Sometimes fan-fiction allows people to not have to go through character development and other difficult tasks, and simply play with an existing universe, which saves time and sometimes has marvellous results which can expand and increase the value of that universe. That's its highest achievement, and it's not very commonly seen.
Mostly though, fan-fiction is a way of avoiding real writing, with your own characters, and the risks and obstacles involved with that. It's a method of escape from copyright law, and from the shackles of fixed fictional worlds. With fan-fiction, you can make any two already-created characters, from any fictional universe you care to name, fall in love like you believe they were supposed to. Inevitably, this particular ability creates great works of ugliness when combined with teenage writers, the amateurs among them usually interested in about two things in the world - sex and romance, and neither of them are they particularly experienced enough to write about.
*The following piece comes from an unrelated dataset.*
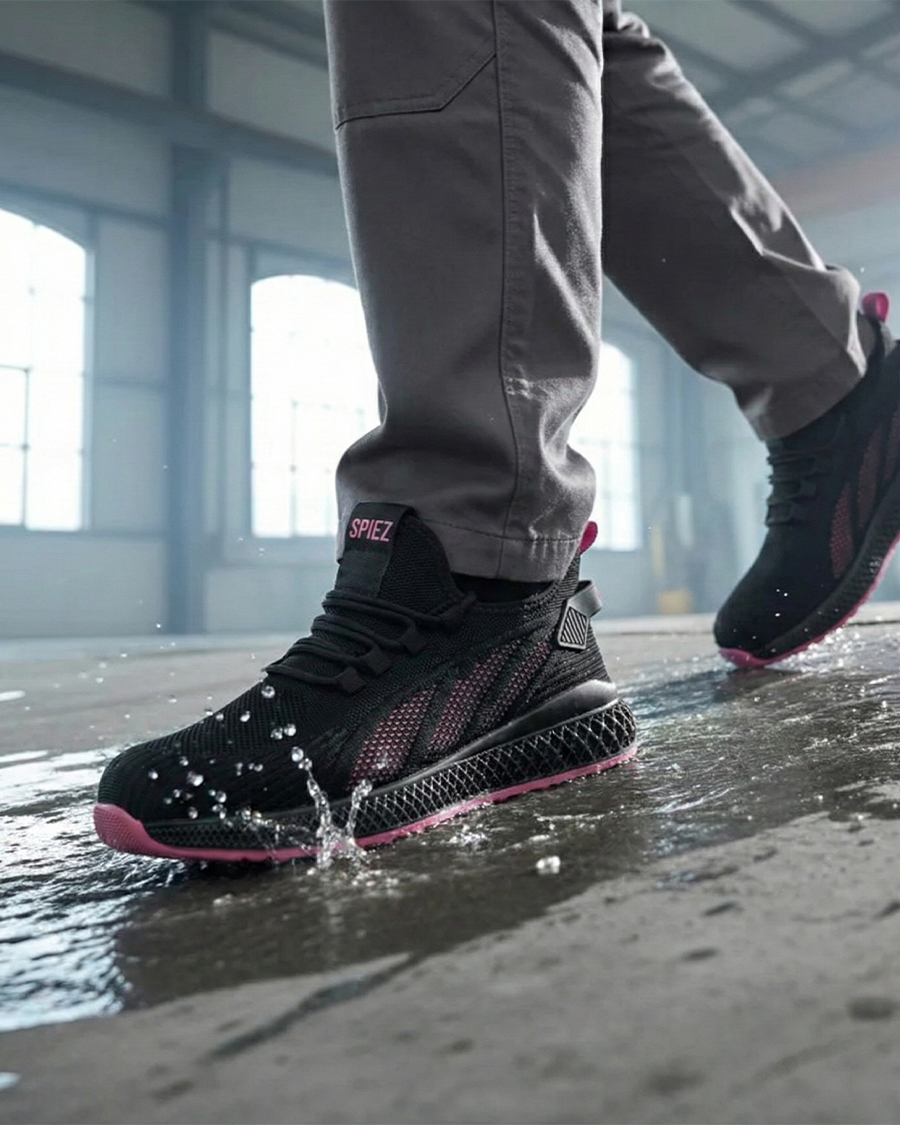 Designed for fast-paced environments. The slip-on structure combined with adaptive lock laces ensures a snug fit that stays secure through long shifts, bending, lifting, and constant movement.

Most fan-fiction, I think it's fair to say, is not up to the standards of published writing. Like any publicly available information, it often lacks the refining influence of editors and the professional attention of critics. However, it gives freedoms that people didn't have before with written material. It allows for expression in old avenues, in new ways. Like with anything, between the best and worst you can see of it lies the average, and I think that more methods of expression are usually a good thing for personal liberty. Maybe writing a fan-fiction has saved a teenager's life, more than once. Or reading one. And that, I think, is laudable enough to pay the rest as interest.